As the accelerating pace of modern life, many students, peo- ple with jobs and elders prefer exercising at home to a GYM to avoid the limitations from the location, time or privacy. To meet these requirements, many fitness applications, such as Keep (https://www.gotokeep.com), have become popular during these years and provide services including professional training guidance, supervision and communication platforms. Users can follow the training steps, via videos or literal statements, to complete their home-training plans.

Yoga, as a category of light-weight exercises, can benefit the physical and psychological health with little demand on physical strength and locations requirement. It is suitable for people of all ages. However, trainees with no scientific guidance from the Yoga specialist are likely to ignore some important pose details, and nonstandard Yoga poses may result in bad harm on the bones and joints. Therefore, a mobile application with ”real supervision” is helpful for these trainees who decide to train at home. Unlike those applications that provide the instructions only, the ”real supervision” requires the mobile application to ”watch” trainee’s poses and provide them with warning once they are posing incorrectly. In order to imitate a real Yoga teacher who is watching the trainee doing Yoga, the mobile application needs to illustrate steps, analyse the postures in real-time, evaluate and provide correct suggestions.
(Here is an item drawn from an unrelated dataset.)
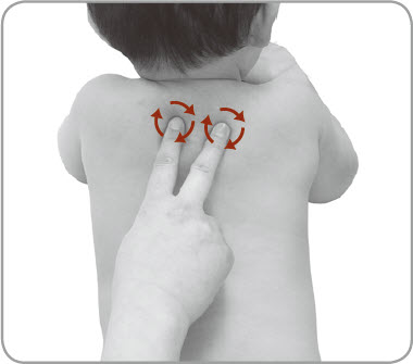 按摩者用食、中二指的指端在小儿肺俞穴上(第三胸椎棘突下旁开1.5寸)回环揉50~100次。

Many Yoga self-assessment systems are being proposed through the years. [1] is a segmentation-based approach and uses two Kinects to analyse users’ poses from both front and side. [2] provides a Yoga self-assessment system based on OpenPose[3] and utilizes an angle score calculation without using hardware. [4] is an end-to-end Yoga Pose classification technique that using OpenPose and a Recurrent Neural Network structure. It is apparent that OpenPose is highly appreciated on Yoga Pose analysis.

In this project, We demonstrate a practical and humanized Yoga Assistant mobile application inspired by [2] but utilize an improved score calculation algorithm to adapt different Yoga Poses and appended with more humanized designs such as voice service. We also evaluated these models with different Yoga poses under different scenes to ensure its robustness.

Reference

  1. Hua-Tsung Chen, Yu-Zhen He, and Chun-Chieh Hsu. Computer-assisted yoga training system. Multimedia Tools and Applications, 77:23969– 23991, 2018.
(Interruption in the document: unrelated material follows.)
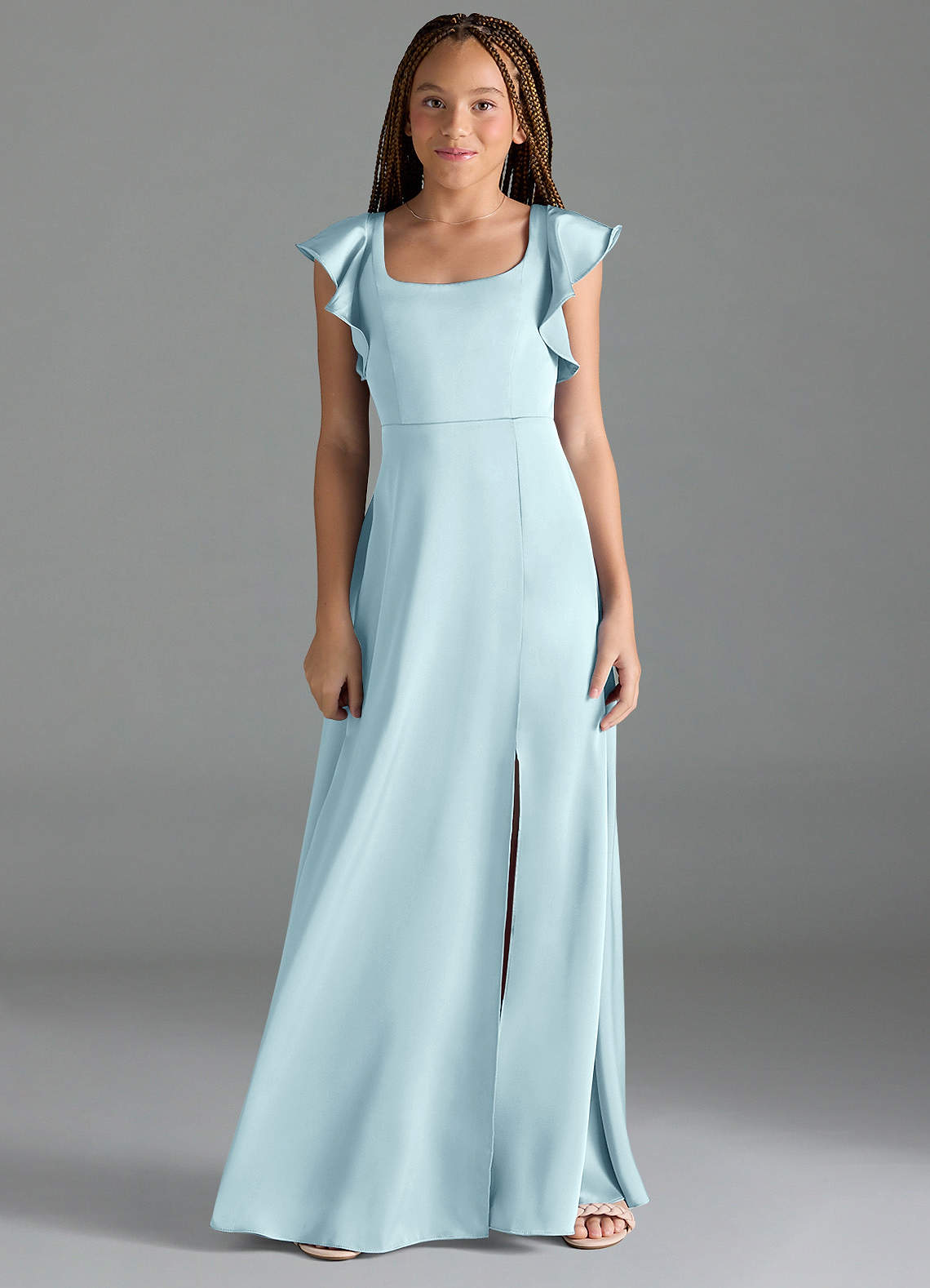 Cloud Blue A-Line Side Slit Stretch Satin Dress

  2. M. C. Thar, K. Z. N. Winn, and N. Funabiki. A proposal of yoga pose assessment method using pose detection for self-learning. In 2019 International Conference on Advanced Information Technologies (ICAIT), pages 137–142, 2019.

  3. Z. Cao, G. Hidalgo Martinez, T. Simon, S. Wei, and Y. A. Sheikh. Openpose: Realtime multi-person 2d pose estimation using part affinity fields. IEEE Transactions on Pattern Analysis and Machine Intelligence, 2019.

  4. Santosh Kumar Yadav, Amitojdeep Singh, Abhishek Gupta, and Jagdish Lal Raheja. Real-time yoga recognition using deep learning. Neural Computing and Applications, 31:9349–9361, 2019.

  5. Hao-ShuFang,ShuqinXie,Yu-WingTai,andCewuLu.RMPE:Regional multi-person pose estimation. In ICCV, 2017.

  6. Daniil Osokin. Real-time 2d multi-person pose estimation on cpu: Lightweight openpose. In ICPRAM, 2019.